▶ [ACTIVITY]:
Omit the pictures and return exactly the stretch of the material below from the line with "すでに本流用のナイロンライン" through the line with "Mayfield Premium Machine".

▶ [GIVEN RECORDS]:
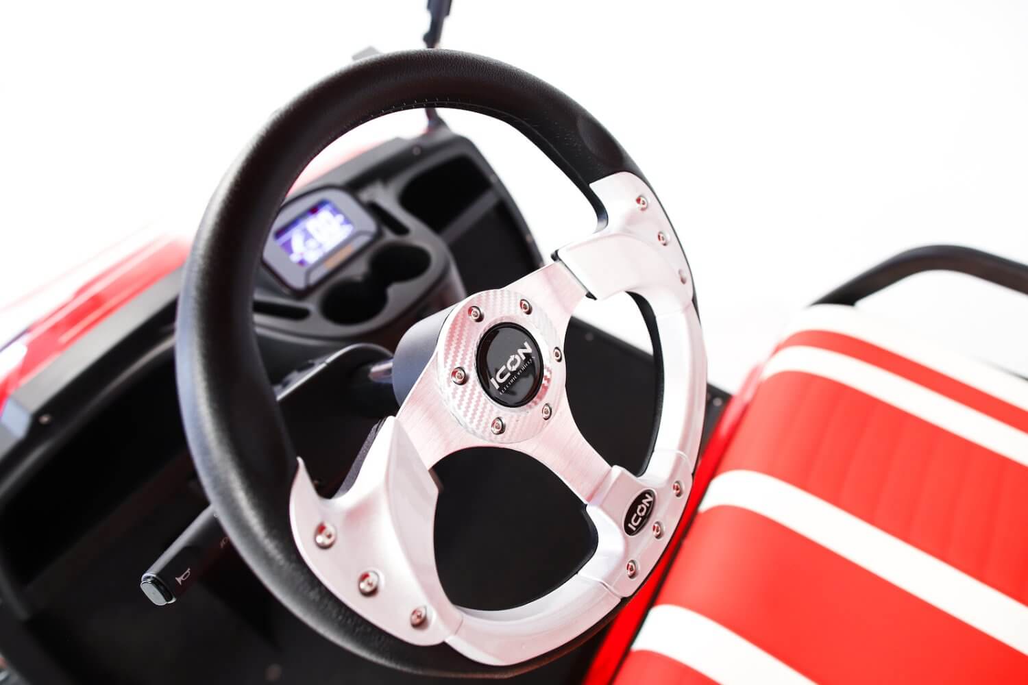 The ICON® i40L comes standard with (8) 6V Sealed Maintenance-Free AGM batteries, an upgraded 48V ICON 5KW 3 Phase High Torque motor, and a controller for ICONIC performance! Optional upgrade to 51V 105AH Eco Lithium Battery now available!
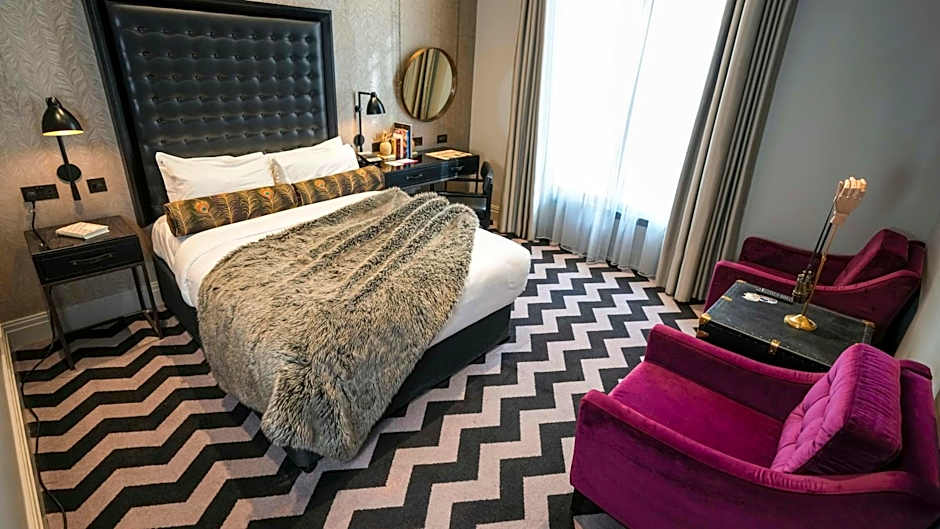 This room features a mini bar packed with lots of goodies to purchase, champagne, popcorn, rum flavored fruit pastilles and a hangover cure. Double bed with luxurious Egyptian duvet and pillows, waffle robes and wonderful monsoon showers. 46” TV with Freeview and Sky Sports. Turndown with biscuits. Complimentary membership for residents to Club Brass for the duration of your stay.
...
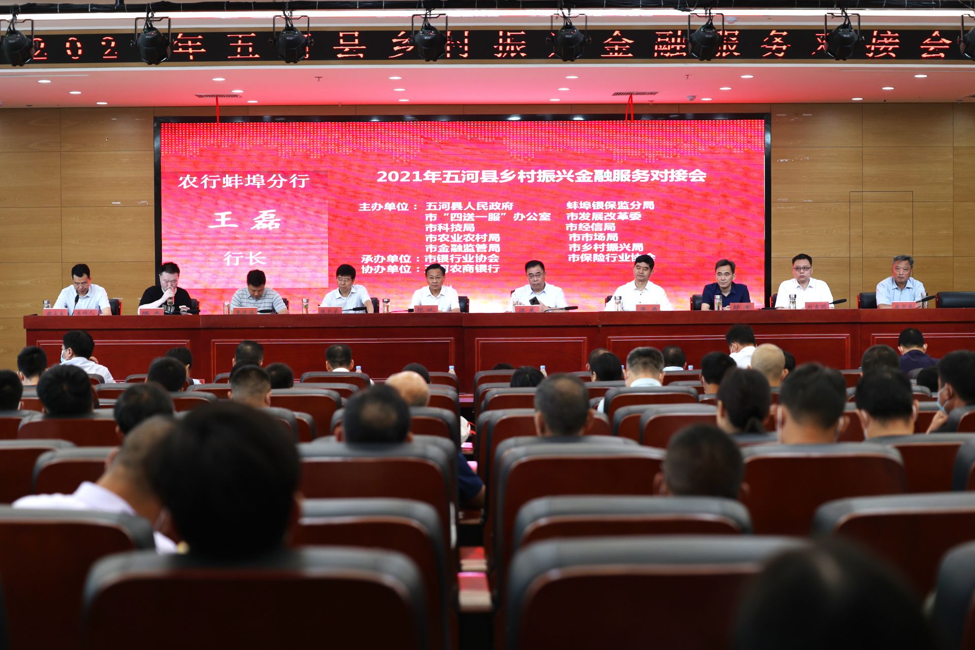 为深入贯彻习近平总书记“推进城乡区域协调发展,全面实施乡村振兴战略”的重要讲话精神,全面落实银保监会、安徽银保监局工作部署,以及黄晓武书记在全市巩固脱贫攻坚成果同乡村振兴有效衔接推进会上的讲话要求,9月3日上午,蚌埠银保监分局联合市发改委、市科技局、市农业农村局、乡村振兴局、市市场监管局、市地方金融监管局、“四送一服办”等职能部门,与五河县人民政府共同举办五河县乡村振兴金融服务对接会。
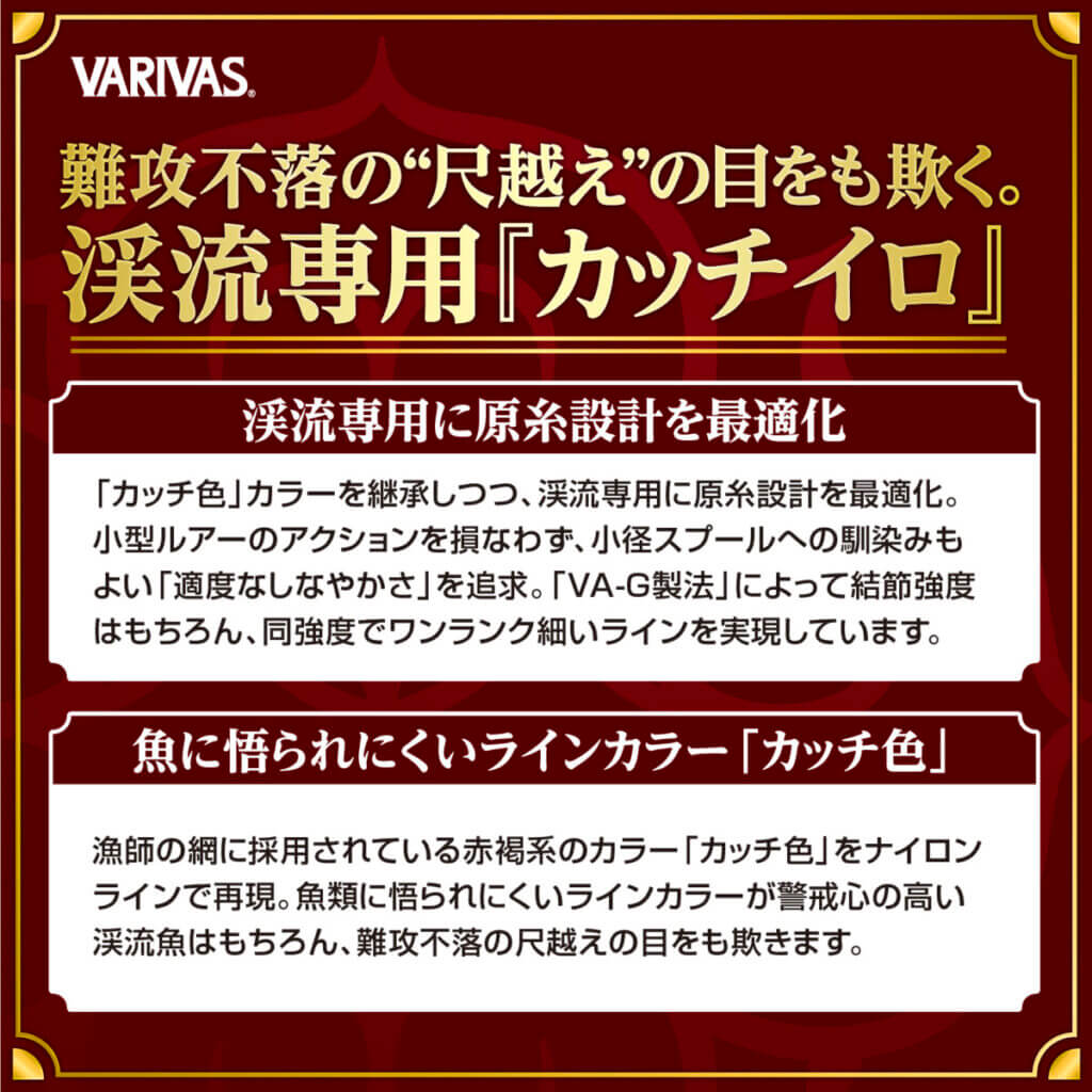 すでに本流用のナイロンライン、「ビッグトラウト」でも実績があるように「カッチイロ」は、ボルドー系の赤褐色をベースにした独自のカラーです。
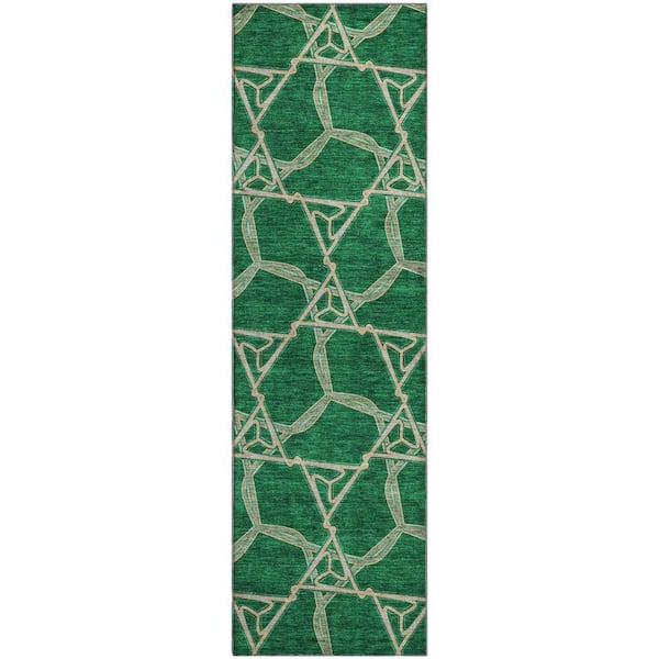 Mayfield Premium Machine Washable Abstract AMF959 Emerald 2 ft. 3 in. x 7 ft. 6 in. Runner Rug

▶ [ANSWER]:
 すでに本流用のナイロンライン、「ビッグトラウト」でも実績があるように「カッチイロ」は、ボルドー系の赤褐色をベースにした独自のカラーです。
 Mayfield Premium Machine Washable Abstract AMF959 Emerald 2 ft. 3 in. x 7 ft. 6 in. Runner Rug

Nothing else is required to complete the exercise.